◆ What the exercise asks ◆
Write out the entries below exactly, but only from the line containing "Illuminate your living" through the line containing "Pink Hello Kitty", and without the pictures.

━━━ Data records ━━━

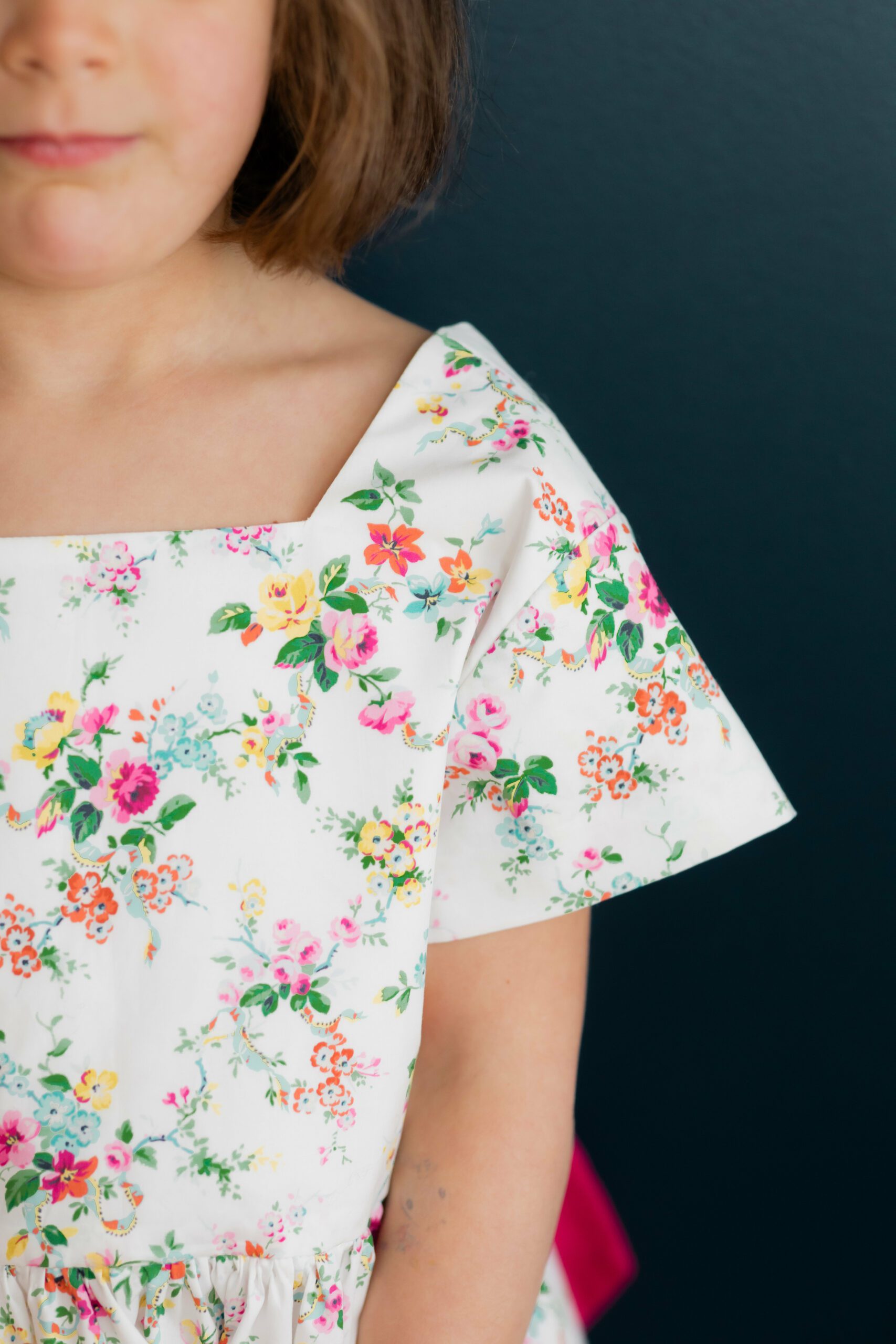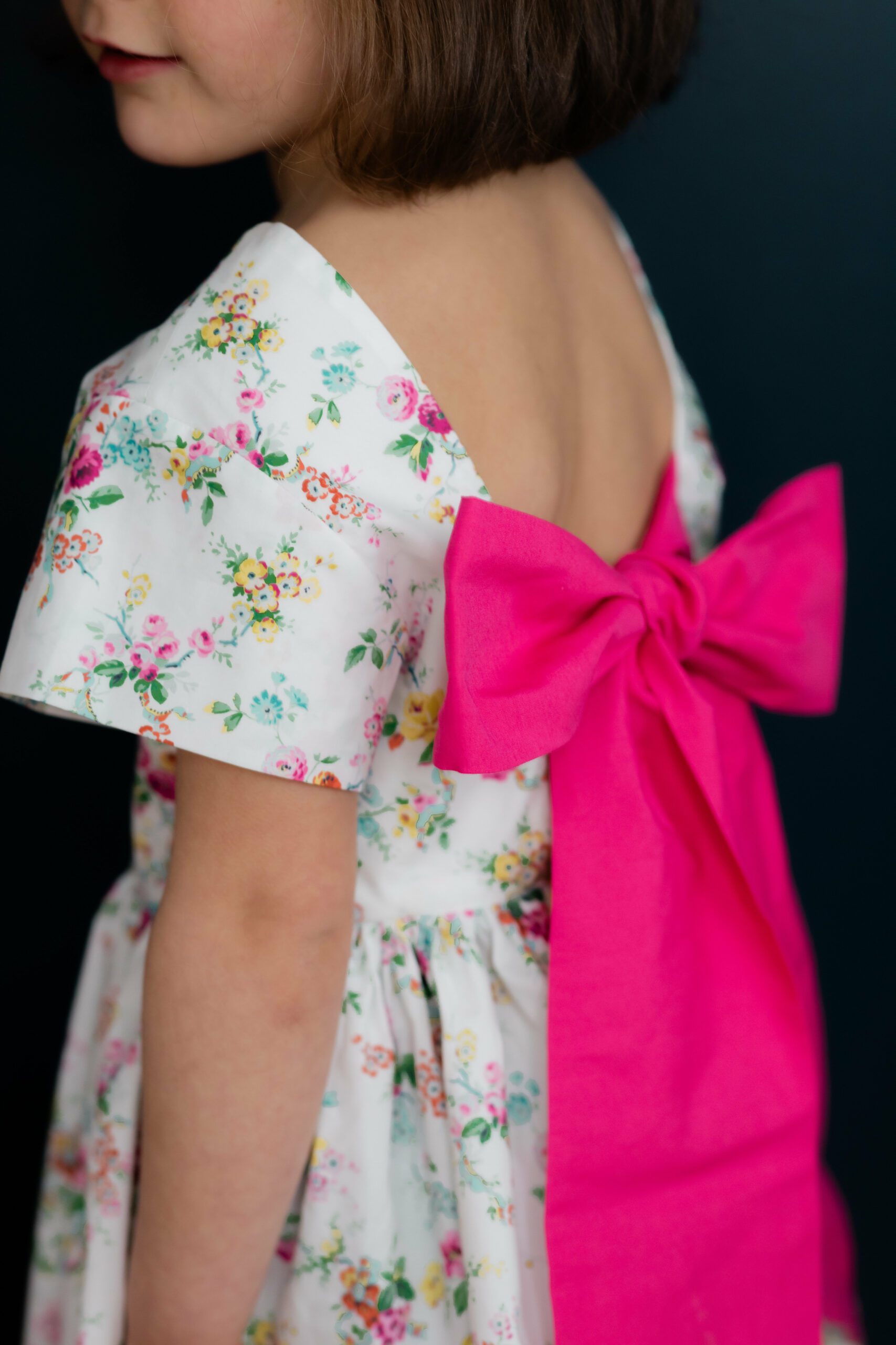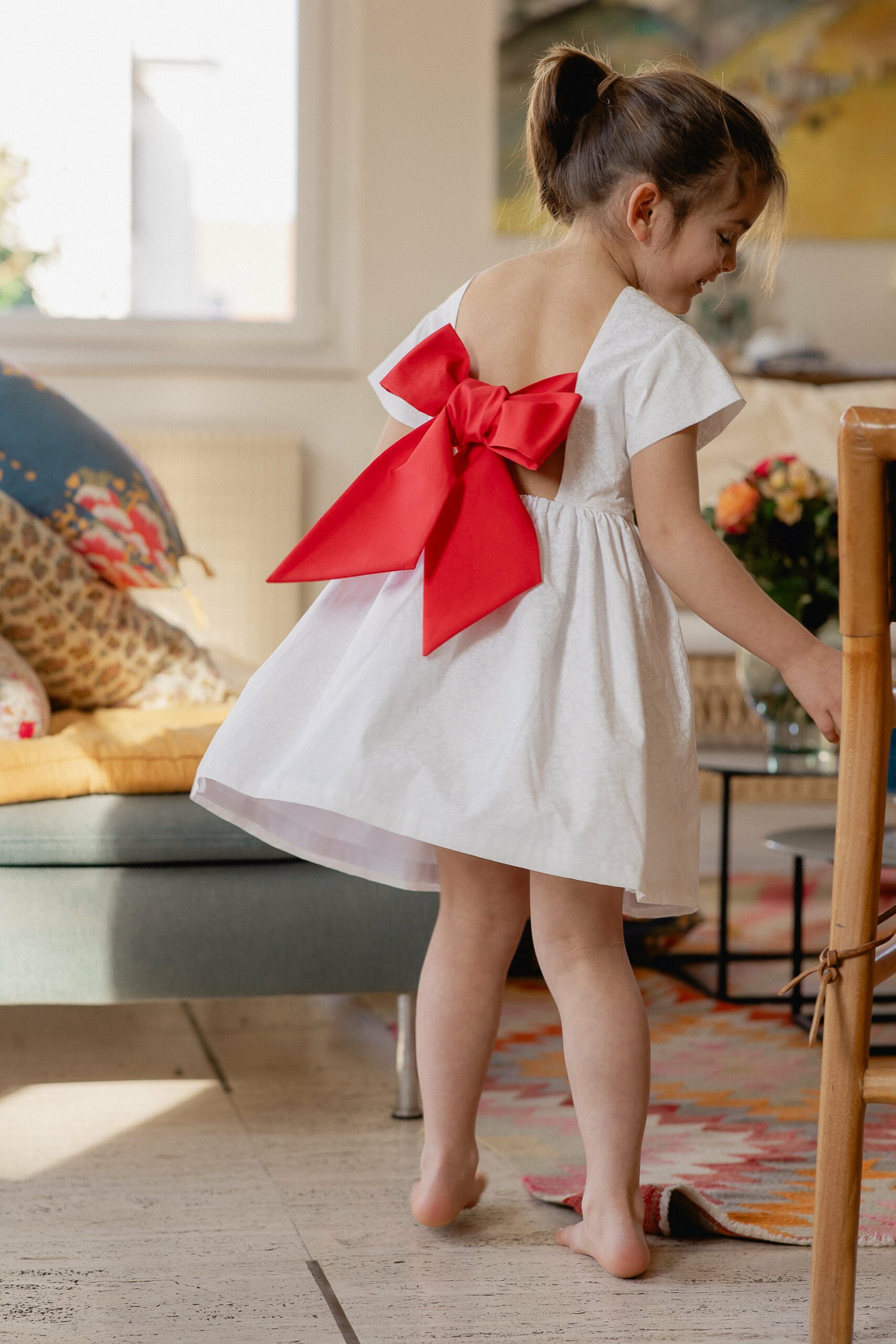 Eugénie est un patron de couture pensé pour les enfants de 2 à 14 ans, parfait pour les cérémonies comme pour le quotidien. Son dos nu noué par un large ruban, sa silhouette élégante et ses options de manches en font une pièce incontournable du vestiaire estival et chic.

━━━
━━━ Data records ━━━

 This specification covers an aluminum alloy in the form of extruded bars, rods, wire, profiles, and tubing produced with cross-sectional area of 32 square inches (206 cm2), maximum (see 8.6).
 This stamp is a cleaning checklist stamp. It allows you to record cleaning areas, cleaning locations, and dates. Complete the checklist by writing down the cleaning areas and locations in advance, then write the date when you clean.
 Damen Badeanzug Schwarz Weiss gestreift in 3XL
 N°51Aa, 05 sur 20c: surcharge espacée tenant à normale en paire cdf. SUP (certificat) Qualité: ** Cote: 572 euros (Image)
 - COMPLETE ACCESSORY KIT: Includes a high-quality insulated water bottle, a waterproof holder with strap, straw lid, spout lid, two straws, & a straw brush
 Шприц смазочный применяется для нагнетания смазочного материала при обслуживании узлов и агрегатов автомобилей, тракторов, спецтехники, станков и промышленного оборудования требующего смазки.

━━━
━━━ Data records ━━━

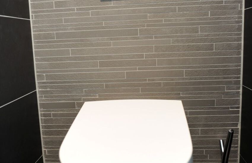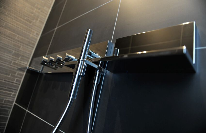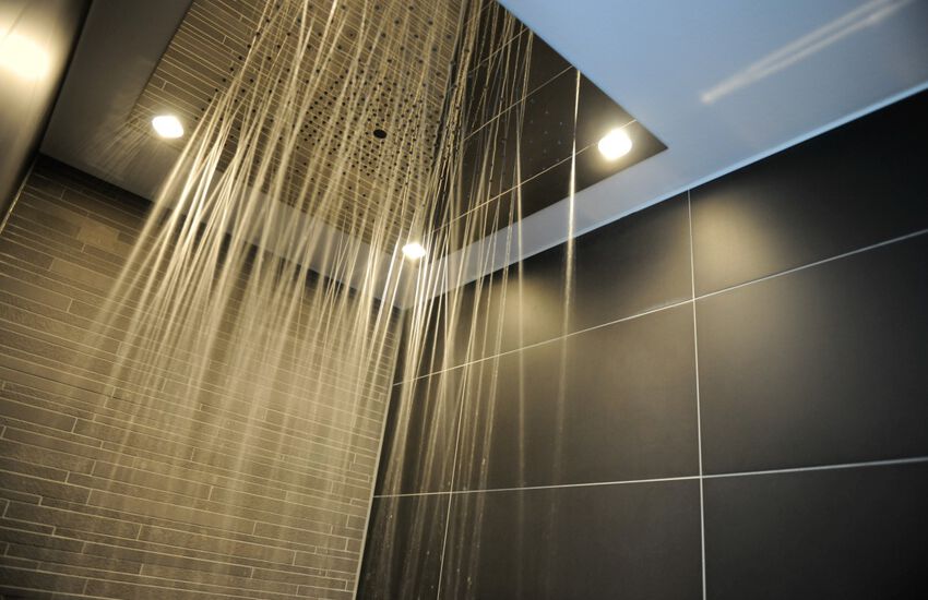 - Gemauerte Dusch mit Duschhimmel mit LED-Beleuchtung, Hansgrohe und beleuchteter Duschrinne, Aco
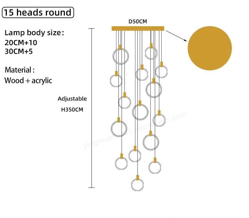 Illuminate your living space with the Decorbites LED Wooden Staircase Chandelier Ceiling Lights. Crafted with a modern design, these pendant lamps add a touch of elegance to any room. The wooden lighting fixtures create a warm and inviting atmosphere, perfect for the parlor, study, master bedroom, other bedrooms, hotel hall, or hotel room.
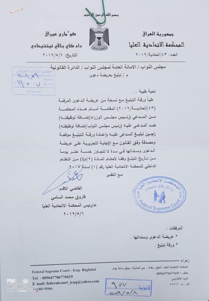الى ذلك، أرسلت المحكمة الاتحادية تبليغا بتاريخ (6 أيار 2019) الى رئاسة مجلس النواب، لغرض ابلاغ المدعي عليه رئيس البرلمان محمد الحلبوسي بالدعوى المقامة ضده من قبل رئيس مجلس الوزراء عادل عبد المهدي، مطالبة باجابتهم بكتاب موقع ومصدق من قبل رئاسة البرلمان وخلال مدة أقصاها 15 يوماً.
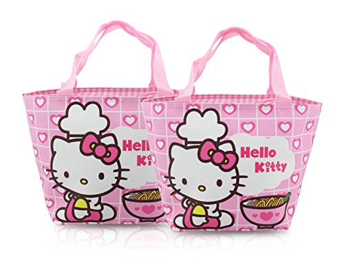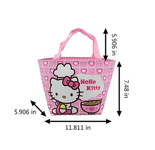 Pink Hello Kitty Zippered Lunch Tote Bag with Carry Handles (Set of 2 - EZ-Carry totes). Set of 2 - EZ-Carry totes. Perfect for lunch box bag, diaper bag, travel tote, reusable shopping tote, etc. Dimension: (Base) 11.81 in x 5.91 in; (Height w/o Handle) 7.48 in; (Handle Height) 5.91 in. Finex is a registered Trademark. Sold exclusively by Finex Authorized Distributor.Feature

━━━

◆ Written response ◆
 Illuminate your living space with the Decorbites LED Wooden Staircase Chandelier Ceiling Lights. Crafted with a modern design, these pendant lamps add a touch of elegance to any room. The wooden lighting fixtures create a warm and inviting atmosphere, perfect for the parlor, study, master bedroom, other bedrooms, hotel hall, or hotel room.
الى ذلك، أرسلت المحكمة الاتحادية تبليغا بتاريخ (6 أيار 2019) الى رئاسة مجلس النواب، لغرض ابلاغ المدعي عليه رئيس البرلمان محمد الحلبوسي بالدعوى المقامة ضده من قبل رئيس مجلس الوزراء عادل عبد المهدي، مطالبة باجابتهم بكتاب موقع ومصدق من قبل رئاسة البرلمان وخلال مدة أقصاها 15 يوماً.
 Pink Hello Kitty Zippered Lunch Tote Bag with Carry Handles (Set of 2 - EZ-Carry totes). Set of 2 - EZ-Carry totes. Perfect for lunch box bag, diaper bag, travel tote, reusable shopping tote, etc. Dimension: (Base) 11.81 in x 5.91 in; (Height w/o Handle) 7.48 in; (Handle Height) 5.91 in. Finex is a registered Trademark. Sold exclusively by Finex Authorized Distributor.Feature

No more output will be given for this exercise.